Иногда Сашке становилось смешно. «Букашки» проходили через мучительные испытания, чтобы добиться права жить мучительною жизнью. Сумасшествие. Иначе не скажешь. Но это было. И «букашек» не убавлялось.
Три месяца назад Круг приказал повесить одного из кад… Нет, Сашка не желал вспоминать его имя и кадетом его называть не желал. Тот попытался сделать из двух «букашек» личных слуг – подай-принеси-постирай. Это стало известно почти сразу, и спонтанно избитого в кровь самими же кадетами пятнадцатилетнего парня повесили на плацу перед строем его вчерашних друзей на следующий день. Рядом с одним из помощников завхоза Сергейчука, вздернутым за день до этого. Тот был виновен в том, что детям на завтрак в тот день не выдали обязательный стакан молока. Его выдавали всем, кому не исполнилось 14 лет, и это входило в прямую обязанность повешенного. Коровы – двадцать коров – стояли в помещении с «искусственным солнцем». Их молоко только туда и шло – детям. Ну и немного – телятам.

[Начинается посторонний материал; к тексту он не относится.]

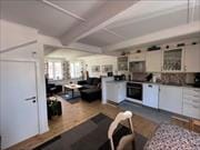 På førstesalen finder du to soveværelser; et med en dobbeltseng og et med to enkeltsenge, endnu et skønt badeværelse med bruser + en hems med 4 ekstra sovemuligheder.
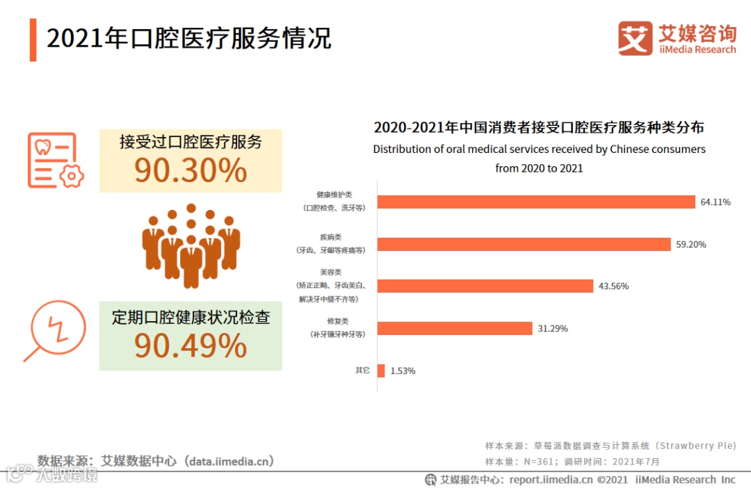 随着小康社会的全面建成,中国消费者将更多的注意力转移到身体与精神健康方面,iiMedia Research(艾媒咨询)数据显示,有90.30%的人接受过口腔医疗服务,并有超过九成的消费者会定期进行口腔健康状况检查;2020-2021年有64.11%的消费者接受过健康维护类的口腔医疗服务,其次是疾病类(59.20%)、美容类(43.56%)。艾媒咨询师认为,这不仅是生活水平提高的体现,也是口腔医疗健康逐渐普及的成果。

В тот день молока не выдали. И в полдень помощник завхоза уже висел. Ему дали рассказать, что к чему, но оправдания не были признаны значимыми Кругом…
…Аркашка при виде Сашки распрямился, встал по стойке «смирно». С тряпки капало. Вид мальчишки выражал полную, абсолютную преданность Идеалам. Может быть, если бы Аркашка не выглядел так смешно, как он выглядел, Сашка прошел бы мимо. А тут вдруг вспомнилось про нагрудный карман, и Сашка запустил в него руку и достал лимонный аэрофлотовский леденец.
– Держи, подсласти уборку, – сказал он, опуская конфету в нагрудный карман рубашки Степанкова. Тот заморгал – Сашка никогда к младшим не проявлял внимания. Это было настолько необычно, что Аркашка осмелился спросить:
– Это ведь… твоя?
– Зуб ноет, – поморщился Сашка, берясь за ручку двери. – Застудил… Лопай, только сначала надо домыть.
– Ага, спасибо! – обалдело, но радостно крикнул ему уже в спину Аркашка. И зашлепал тряпкой…
Дарить – приятно. Раньше Сашка посмеялся бы над этим. Нет, он не был жадным никогда… но ведь иметь и получать – приятней, чем дарить, разве нет?
Нет, оказывается. Оказывается, когда даришь, тебя как будто становится немного больше. И даже если тебя не станет – ты все-таки остаешься. Вон у «букашки» Тольки ручка с шестью разноцветными стержнями. Ее подарил Тольке на Новый год Тимка. Кадеты тогда посадили «букашек» за один с собой стол, подарки были для всех. Но это были просто подарки, как традиция, а ручку Тимка подарил Тольке сам, от себя и просто так. Низачем и нипочему. Тольке было очень трудно, он, на взгляд Сашки, не годился для роли «букашки» и тем более в кадеты и спокойно мог бы уйти в поселок, где жили его родители. Родные, между прочим, огромная редкость. И две сестры. Может, потому Тимка и подарил эту ручку? Потому что у самого Тимки не было никого, хотя он пытался спасти младшую сестру и не смог – она замерзла во время перехода уже недалеко от спасения, – и пришел в поселок почти невменяемый от горя и вины, черный и словно бы каменный?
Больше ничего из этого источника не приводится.